Next we want to aggregate the data from our multiple runs at particular core counts - remember that, in this case, we want the minimum timing (maximum performance) from the runs to use to compute the performance. To complete these steps we are going to make use of the VisiData tool which allows us to manipulate and visualise tabular data in the terminal.

As well as printing the timing data to the screen, the sharpen-data.py program also produces a file called benchmark_runs.csv with the data in CSV (comma-separated value) format that we can use with VisiData.

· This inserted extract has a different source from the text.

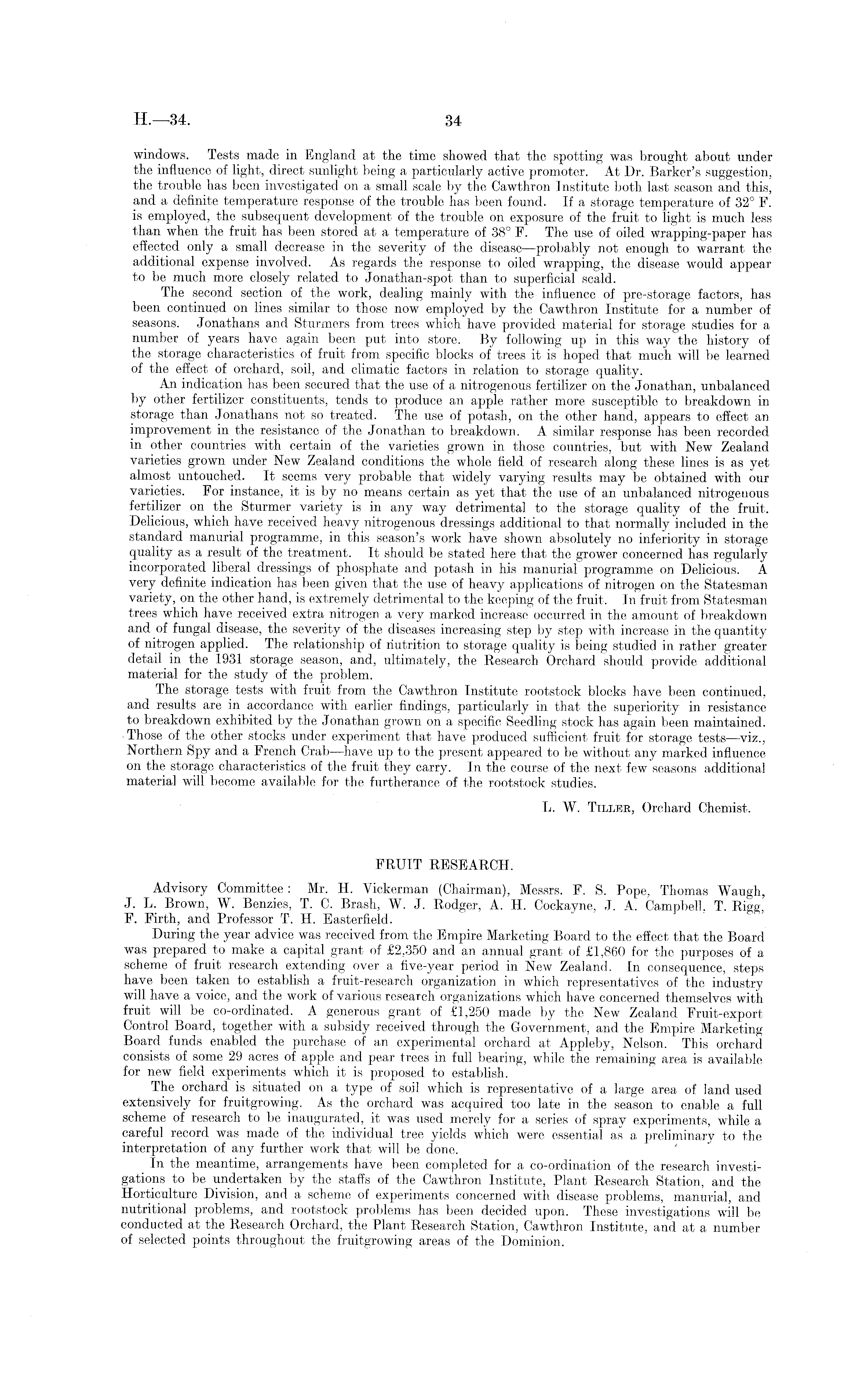 windows. Tests made in England at the time showed that the spotting was brought about under the influence of light, direct sunlight being a particularly active promoter. At Dr. Barker's suggestion, the trouble has been investigated on a small scale by the Cawthron Institute both last season and this, and a definite temperature response of the trouble has been found. If a storage temperature of 32° F. is employed, the subsequent development of the trouble on exposure of the fruit to light is much less than when the fruit has been stored at a temperature of 38° F. The use of oiled wrapping-paper has effected only a small decrease in the severity of the disease—probably not enough to warrant the additional expense involved. As regards the response to oiled wrapping, the disease would appear to be much more closely related to Jonathan-spot than to superficial scald. The second section of the work, dealing mainly with the influence of pre-storage factors, has been continued on lines similar to those now employed by the Cawthron Institute for a number of seasons. Jonathans and Stunners from trees which have provided material for storage studies for a number of years have again been put into store. By following up in this way the history of the storage characteristics of fruit from specific blocks of trees it is hoped that much will be learned of the effect of orchard, soil, and climatic factors in relation to storage quality. An indication has been secured that the use of a nitrogenous fertilizer on the Jonathan, unbalanced by other fertilizer constituents, tends to produce an apple rather more susceptible to breakdown in storage than Jonathans not so treated. The use of potash, on the other hand, appears to effect an improvement in the resistance of the Jonathan to breakdown. A similar response has been recorded in other countries with certain of the varieties grown in those countries, but with New Zealand varieties grown under New Zealand conditions the whole field of research along these lines is as yet almost untouched. It seems very probable that widely varying results may be obtained with our varieties. For instance, it is by no means certain as yet that the use of an unbalanced nitrogenous fertilizer on the Sturmer variety is in any way detrimental to the storage quality of the fruit. Delicious, which have received heavy nitrogenous dressings additional to that normally included in the standard manurial programme, in this season's work have shown absolutely no inferiority in storage quality as a result of the treatment. It should be stated here that the grower concerned has regularly incorporated liberal dressings of phosphate and potash in his manurial programme on Delicious. A very definite indication has been given that the use of heavy applications of nitrogen on the Statesman variety, on the other hand, is extremely detrimental to the keeping of the fruit. In fruit from Statesman trees which have received extra nitrogen a very marked increase occurred in the amount of breakdown and of fungal disease, the severity of the diseases increasing step by step with increase in the quantity of nitrogen applied. The relationship of nutrition to storage quality is being studied in rather greater detail in the 1931 storage season, and, ultimately, the Research Orchard should provide additional material for the study of the problem. The storage tests with fruit from the Cawthron Institute rootstock blocks have been continued, and results are in accordance with earlier findings, particularly in that the superiority in resistance to breakdown exhibited by the Jonathan grown on a specific Seedling stock has again been maintained. • Those of the other stocks under experiment that have produced sufficient fruit for storage tests: —viz., Northern Spy and a French Crab—have up to the present appeared to be without any marked influence on the storage characteristics of the fruit they carry. In the course of the next few seasons additional material will become available for the furtherance of the rootstock studies. L. W. Tillbb, Orchard Chemist. FRUIT RESEARCH. Advisory Committee: Mr. H. Vickerman (Chairman), Messrs. F. S. Pope, Thomas Waugh, J. L. Brown, W. Benzies, T. C. Brash, W. J. Rodger, A. H. Cockayne, J. A. Campbell. T. Rigg, F. Firth, and Professor T. H. Easterfield. During the year advice was received from the Empire Marketing Board to the effect that the Board was prepared to make a capital grant of £2.350 and an annual grant of £1,860 for the purposes of a scheme of fruit research extending over a five-year period in New Zealand. In consequence, steps have been taken to establish a fruit-research organization in which representatives of the industry will have a voice, and the work of various research organizations which have concerned themselves with fruit will be co-ordinated. A generous grant of £1,250 made by the New Zealand Fruit-export Control Board, together with a subsidy received through the Government, and the Empire Marketing Board funds enabled the purchase of an experimental orchard at Appleby, Nelson. This orchard consists of some 29 acres of apple and pear trees in full bearing, while the remaining area is available for new field experiments which it is proposed to establish. The orchard is situated on a type of soil which is representative of a large area of land used extensively for fruitgrowing. As the orchard was acquired too late in the season to enable a full scheme of research to be inaugurated, it was used merely for a series of spray experiments, while a careful record was made of the individual tree yields which were essential as a preliminary to the interpretation of any further work that will be done. In the meantime, arrangements have been completed for a co-ordination of the research investigations to be undertaken by the staffs of the Cawthron Institute, Plant Research Station, and the Horticulture Division, and a scheme of experiments concerned with

Let’s load the timing data into VisiData:

module load cray-python
module load visidata
vd benchmark_runs.csv
 Cores | Size     | Calc  | Overall ║
 16    | 0.434280 | 0.181 | 0.450   ║
 2     | 0.434280 | 1.432 | 1.684   ║
 4     | 0.434280 | 0.727 | 0.982   ║
 256   | 0.434280 | 0.016 | 0.310   ║
 128   | 0.434280 | 0.029 | 0.314   ║
 64    | 0.434280 | 0.053 | 0.326   ║
 1     | 0.434280 | 2.844 | 3.096   ║
 256   | 0.434280 | 0.016 | 0.314   ║
 32    | 0.434280 | 0.093 | 0.362   ║
 8     | 0.434280 | 0.360 | 0.615   ║
 8     | 0.434280 | 0.360 | 0.618   ║
 128   | 0.434280 | 0.029 | 0.316   ║
 64    | 0.434280 | 0.053 | 0.327   ║
 32    | 0.434280 | 0.093 | 0.364   ║
 2     | 0.434280 | 1.446 | 1.770   ║
 2     | 0.434280 | 1.432 | 1.685   ║
 4     | 0.434280 | 0.727 | 0.984   ║
 16    | 0.434280 | 0.187 | 0.457   ║
 1     | 0.434280 | 2.857 | 3.118   ║
 32    | 0.434280 | 0.094 | 0.363   ║
 256   | 0.434280 | 0.016 | 0.309   ║
1› benchmark_runs| user_macros | saul.pw/VisiData v2.1 | opening benchmark_runs.csv a           27 rows 

Your terminal will now show a spreadsheet interface with the timing data from your benchmark runs. You can navigate between different cells using the arrow keys on your keyboard or by using your mouse.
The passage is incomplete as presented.